> **Task description**: A verbatim copy is needed of the lines below from the one containing "Bling Jewelry Dangling" up to and including the one containing "Automatická nastavitelná litinová", excluding pictures.

(Extracted material begins)

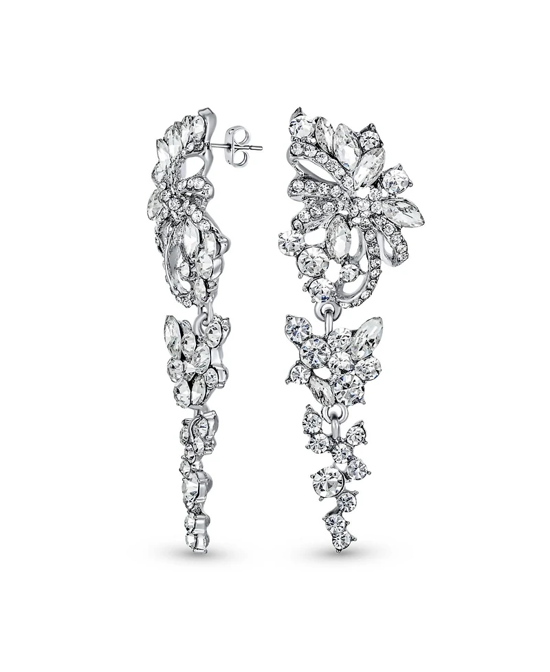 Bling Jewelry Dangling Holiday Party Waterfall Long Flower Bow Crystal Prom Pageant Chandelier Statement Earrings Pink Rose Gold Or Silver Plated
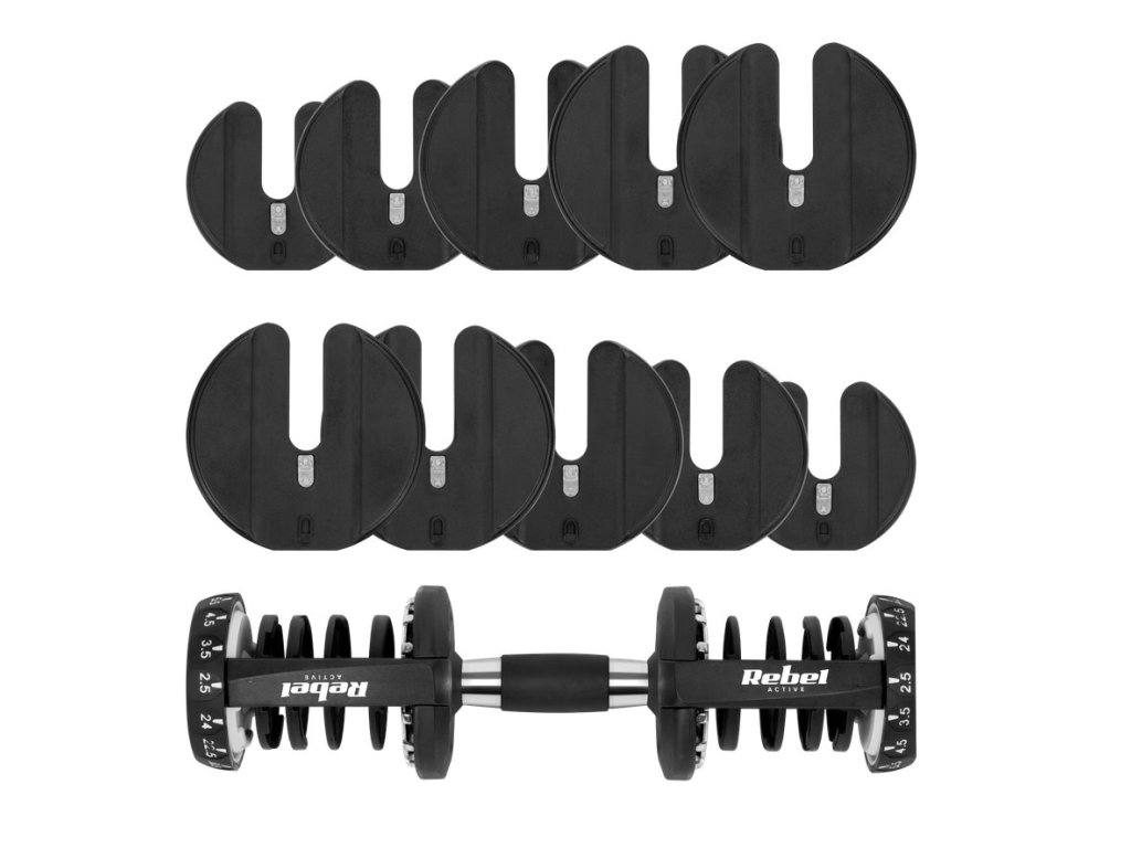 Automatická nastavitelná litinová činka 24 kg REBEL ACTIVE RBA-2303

(Extracted material ends)
(Extracted material begins)

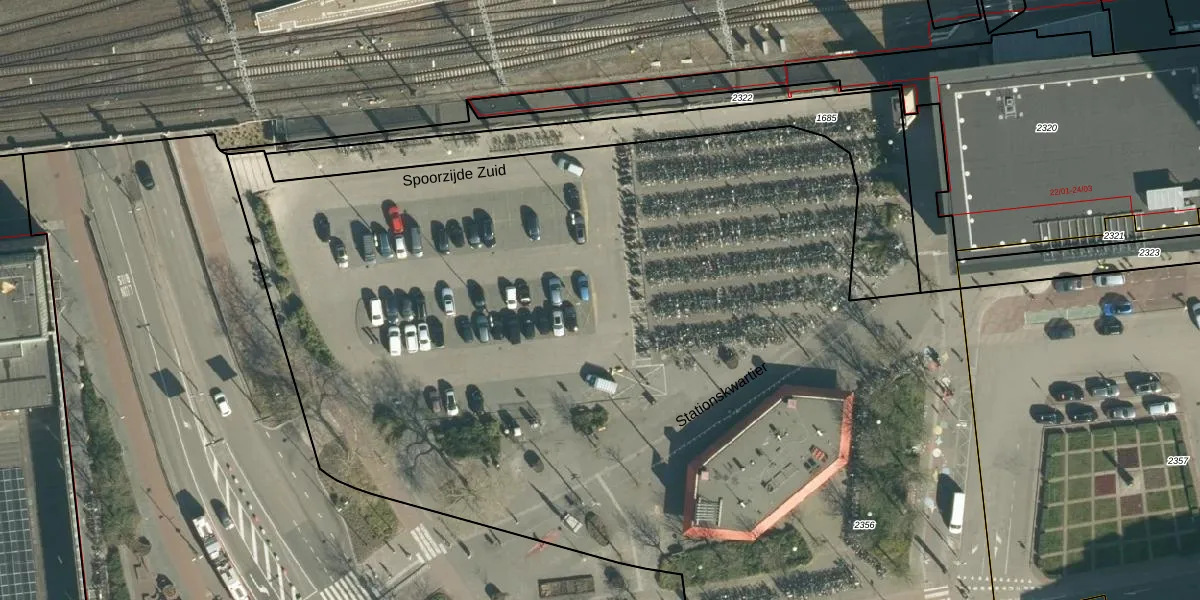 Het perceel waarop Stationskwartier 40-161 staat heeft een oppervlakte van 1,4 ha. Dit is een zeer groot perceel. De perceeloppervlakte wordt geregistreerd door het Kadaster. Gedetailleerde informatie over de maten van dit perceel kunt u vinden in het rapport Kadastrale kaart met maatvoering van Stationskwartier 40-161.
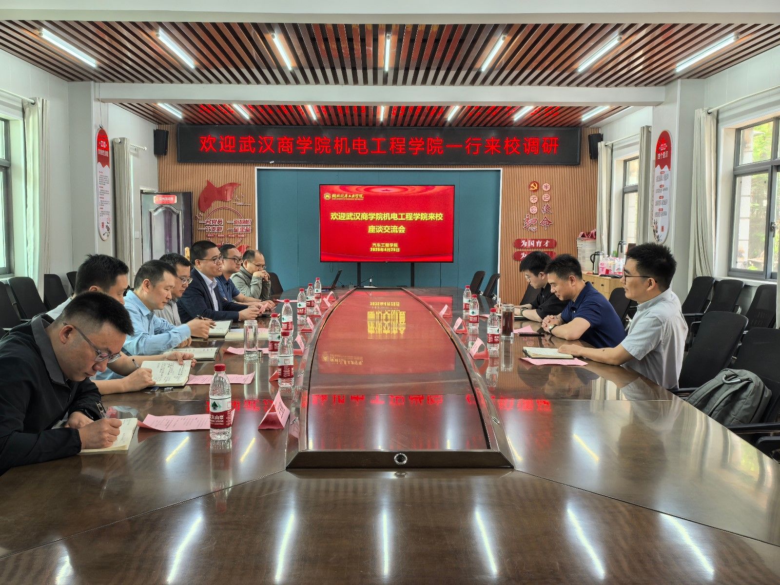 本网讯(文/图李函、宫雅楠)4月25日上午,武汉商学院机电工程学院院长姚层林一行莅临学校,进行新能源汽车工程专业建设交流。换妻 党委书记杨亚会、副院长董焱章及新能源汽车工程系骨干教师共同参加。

(Extracted material ends)

> **Answer**:
 Bling Jewelry Dangling Holiday Party Waterfall Long Flower Bow Crystal Prom Pageant Chandelier Statement Earrings Pink Rose Gold Or Silver Plated
 Automatická nastavitelná litinová činka 24 kg REBEL ACTIVE RBA-2303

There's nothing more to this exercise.